This morning we woke to the news of an intervention by Donald Trump. Even by his standards it was astonishing.
Having just emerged from three days in hospital, where he received a cocktail of steroids and experimental drugs beyond the luck and resources of almost all his compatriots, he made this announcement to the American people: “Don’t be afraid of Covid. Don’t let it dominate your life.”
Set aside for a moment the sheer crassness of downplaying a virus which has killed 210,000 Americans. Let us compare it to something closer to home.
On Sunday, the BBC’s Andrew Marr invited Boris Johnson to discuss his own policy on coronavirus.
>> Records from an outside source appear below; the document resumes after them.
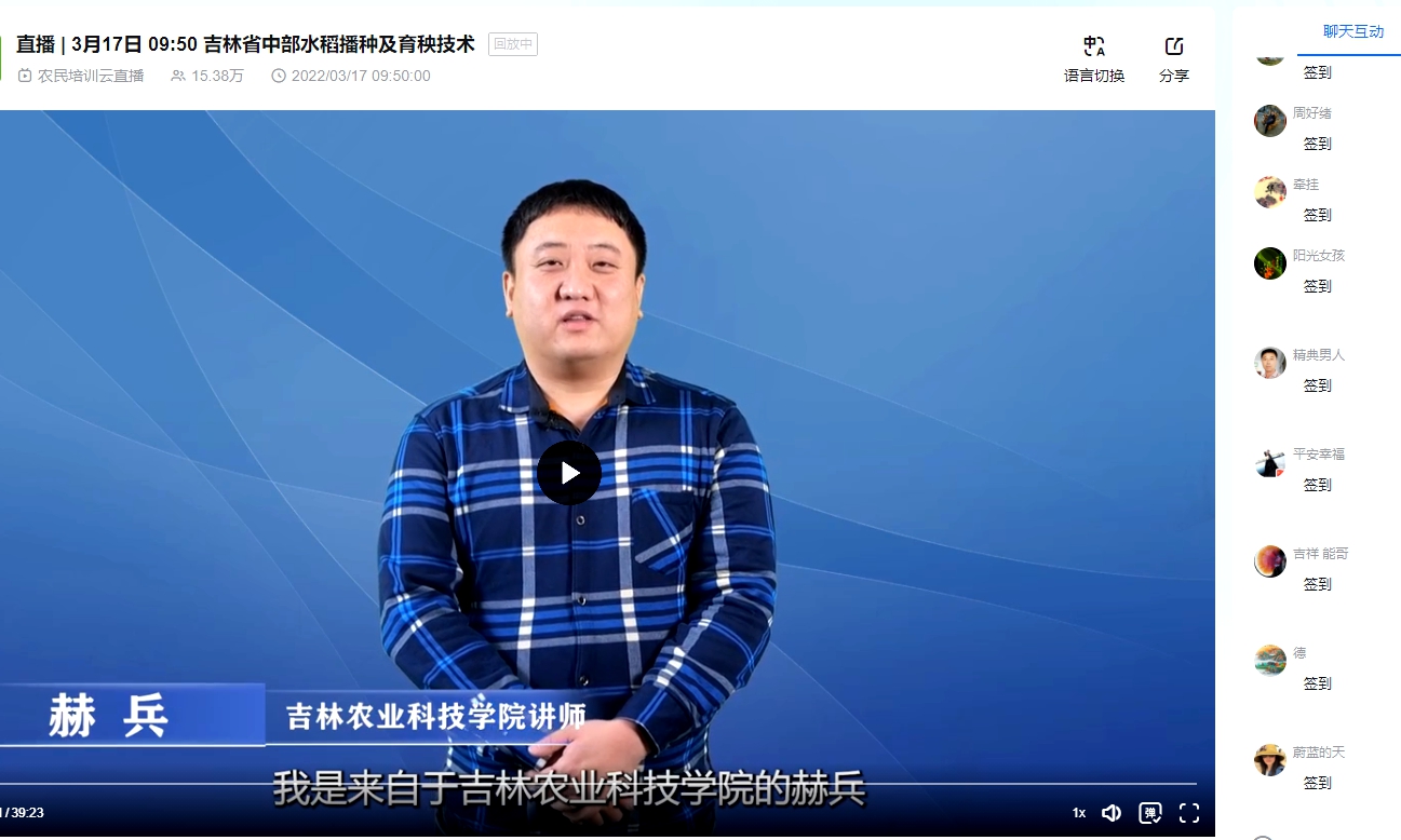 在科技处号召下,多名教师积极参加各级政府部门、广电媒体组织的备春耕直播活动并作专题讲座。农学院赫兵于3月17日在省农业农村厅主办的“2021-2022年吉林省冬春农民线上培训和在线咨询活动”中上作了题为《吉林省中部水稻播种及育秧技术》的专题讲座,观看讲座人数达15.38万人。
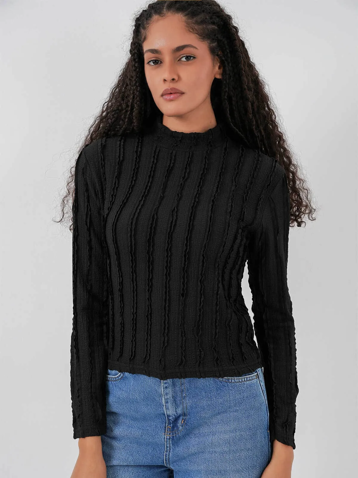 Blouse type: Blouseshirt; Design: Gevoerde zoom/rand, Rechte zoom; Motief: Effen; Extra's: Op staal naden, Met textuur; Pasvorm: Slanke pasvorm; Armlengte: Lange mouw; Lengte: Normale lengte
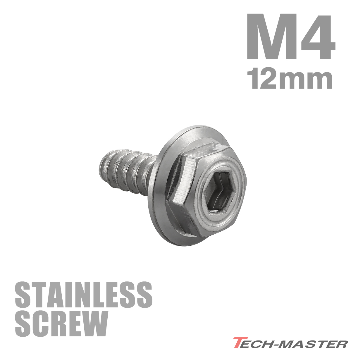 ステンレスネジ M4×12mm タッピングビス 六角穴 シンヘキサゴンヘッド シルバーカラー 1個 TC0046
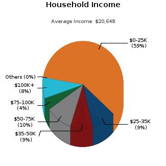 Census Tract / block: 13.04 / 4 Year: 2018 Household Population Population by Age Count: 5,585 0 - 11 Estimate Current Year: 5,978 12 - 17 Estimate in 5 Years: 7,845 18 - 24 12.09% Growth Last 5 Years: 11.94% 25 - 64 57.37% Growth Last 10 Years: -139.39% 65 - 74 6.68% 75+ Household Size Household Income Current Year: 2,374 0 - $25,000 58.8% Average Current Year: 2.35 $25,000 - $35,000 9.48% Estimate in 5 Years: 2,629 $35,000 - $50,000 8.97% Growth Last 5 Years: 3.92% $50,000 - $75,000 10.49% Growth Last 10 Years: -1.75% $75,000 - $100,000 4.42% Male Population: 50.99% Above $100,000 7.83% Female Population: 49.01% Average Household Income: $20,648 Married People: 31.86% Unmarried People: 68.14% Housing Median Mortgage Payments Home Values Under $300: 23.15% Below $100,000: 44.3% $300 - $799: 17.95% $100,000 - $150,000: 44.8% $800 - $1,999: 58.89% $150,000 - $200,000: 5.54% Over $2,000: 0% $200,000 - $300,000: 5.37% Median Home Value: $105,100 $300,000 - $500,000: 0% Unit Occupied Owner: 25.11% Above $500,000: 0% Median Mortgage: $752
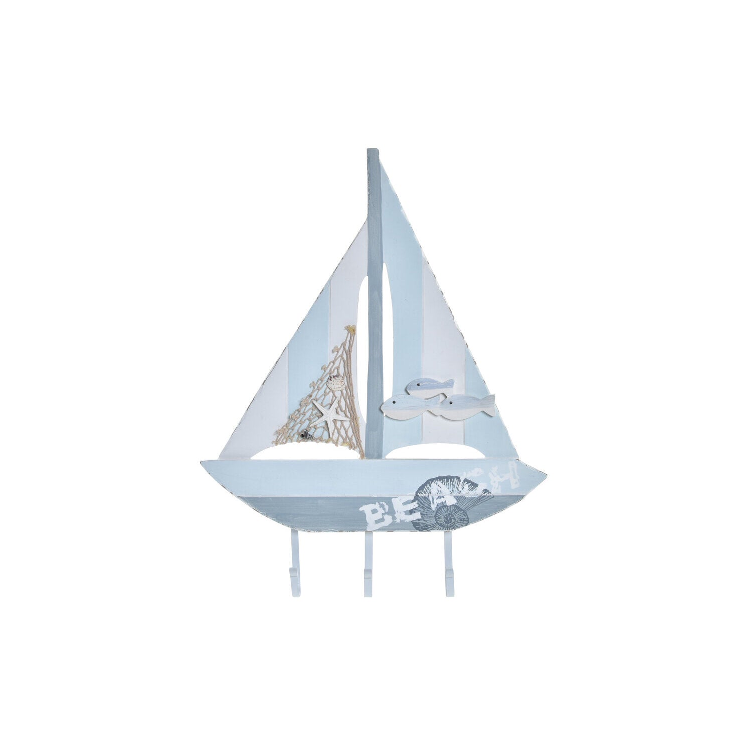 PERCHERO PARED MADERA METAL 43X4X56 VELERO AZUL
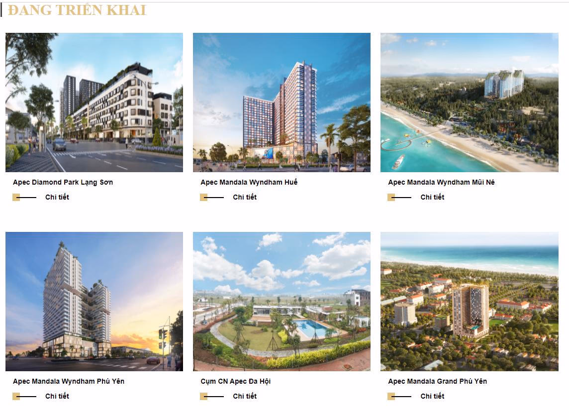 Trên thị trường bất động sản, Apec Group được biết đến là chủ đầu tư hàng loạt dự án bất động sản nghỉ dưỡng đình đám. Hiện doanh nghiệp đang triển khai loạt dự án như: Apec Mandala Wyndham Mũi Né, Apec Diamond Park Lạng Sơn, Apec Golden Palace Lạng Sơn, Apec Mandala Wyndham Huế, Apec Mandala Wyndham Phú Yên, Apec Mandala Wyndham Hải Dương, Apec Mandala Sky Villas Kim Bôi, Apec Aqua Park Bắc Giang, Apec Golden Valley Mường Lò, Apec Aqua Park Bắc Giang, Điềm Thuỵ Center Point, Cụm công nghiệp Apec Đa Hội, Apec Dubai Ninh Thuận.
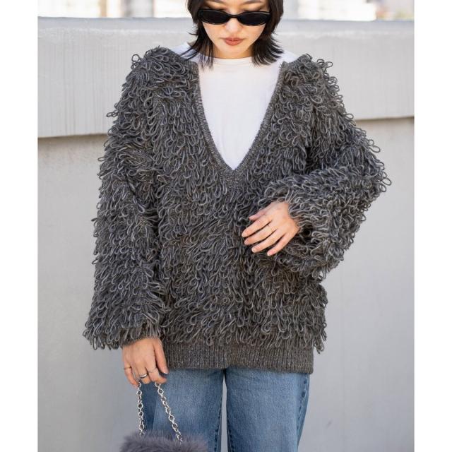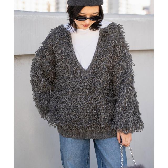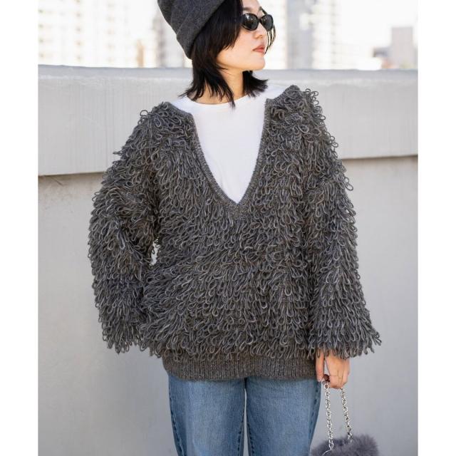 ボリュームたっぷりなループヤーンニットは、前後2WAYで着回せるスペシャルな一着。
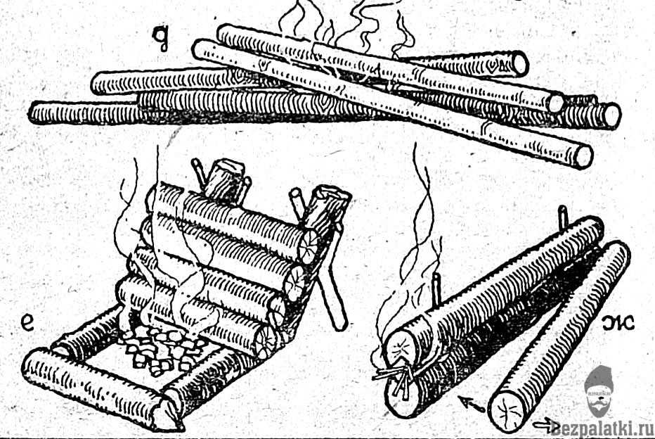 «Американский камин». Этот тип костра относится к кострам очень длительного действия. Толстые короткие поленья с обрубленными сучками и мелкими веточками укладываются так, как показано на( рис. Костры — е.) Огонь разжигается внизу, у основания «горки». Подгорая, нижнее бревно рассыпается постепенно на уголья, на его место соскальзывает следующее бревно и т. д. «Американский костер» применяется канадскими трапперами при ночлеге летом и зимой у костра. Пищу варить на таком костре неудобно. Ночевать у такого костра могут лишь 1—2 чел.
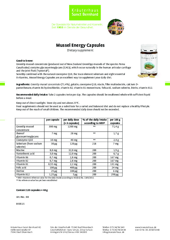 - Chiết xuất Vẹm xanh 300 mg, trong đó Glycosaminoglycan 7mg, coenzyme Q10 10 mg, selen 30 mcg, niacin 8 mg, axit pantothenic 3mg, vitamin B6 0.7 mg, vitamin B2 0.7 mg, vitamin B1 0.55 mg, acid folic 100 mcg, selen 25 mcg, biotin 1.25 mcg.
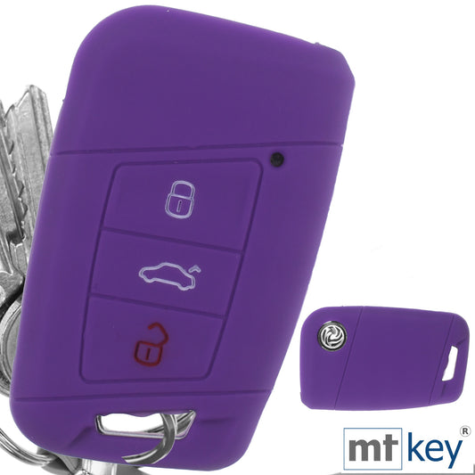 Auto Schlüssel Silikon Schutz Hülle + Schlüsselband Lila Kompatibel mit VW Passat B8 Arteon Skoda Kodiaq 3 Tasten KEYLESS SMARTKEY
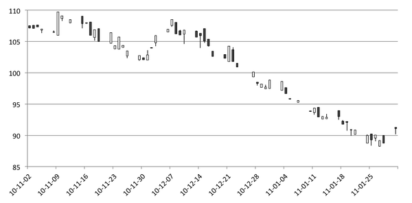 Wykres 2. Notowania NCX Life Science w okresie 2.11.2010 – 31.01.2011 (w punktach).
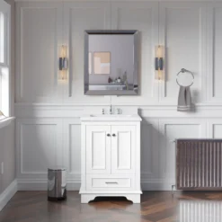 Kitchen Bath Collection Nantucket 24″ Bathroom Vanity, White, Quartz
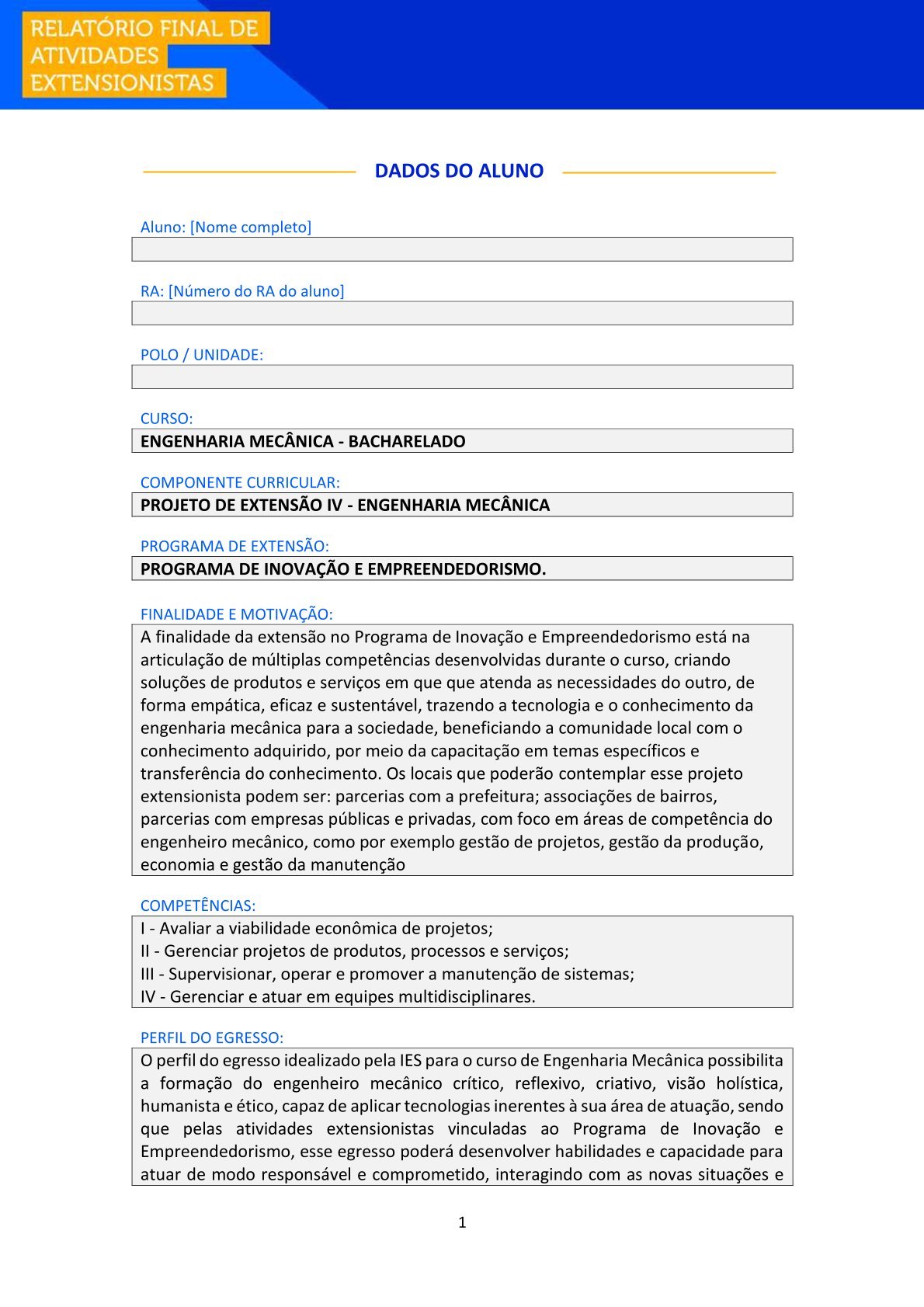 A finalidade da extensão no Programa de Inovação e Empreendedorismo está na articulação de múltiplas competências desenvolvidas durante o curso, criando soluções de produtos e serviços que atendam às necessidades do outro, de forma empática, eficaz e sustentável, trazendo a tecnologia e o conhecimento da engenharia mecânica para a sociedade, beneficiando a comunidade local com o conhecimento adquirido, por meio da capacitação em temas específicos e transferência do conhecimento.

The prime minister said: “What we want is for people to act fearlessly but with common sense.”
So proud of the apparent new slogan, he then repeated it.
Trump at least was plain in his dishonesty, as he has been throughout. Covid is a threat to his re-election and he must either ignore it or attempt to turn it to his political advantage.
Johnson, in contrast, is not trying to win anything, but to save himself. That requires him to cover his bases. And so while the president, as ever, expressed himself more coarsely than his British counterpart, their messages were strikingly familiar: we have nothing to fear.
The thing we need most, in Britain and the United States, is leadership. Its total absence may be the most frightening thing of all.
Except we do. Fear is central not simply to our own experience of the virus, but each government’s strategy to tackle it.
The supremacy of fear is one policy: it requires a full shutdown of society and the economy, or our personal life, until the threat subsides.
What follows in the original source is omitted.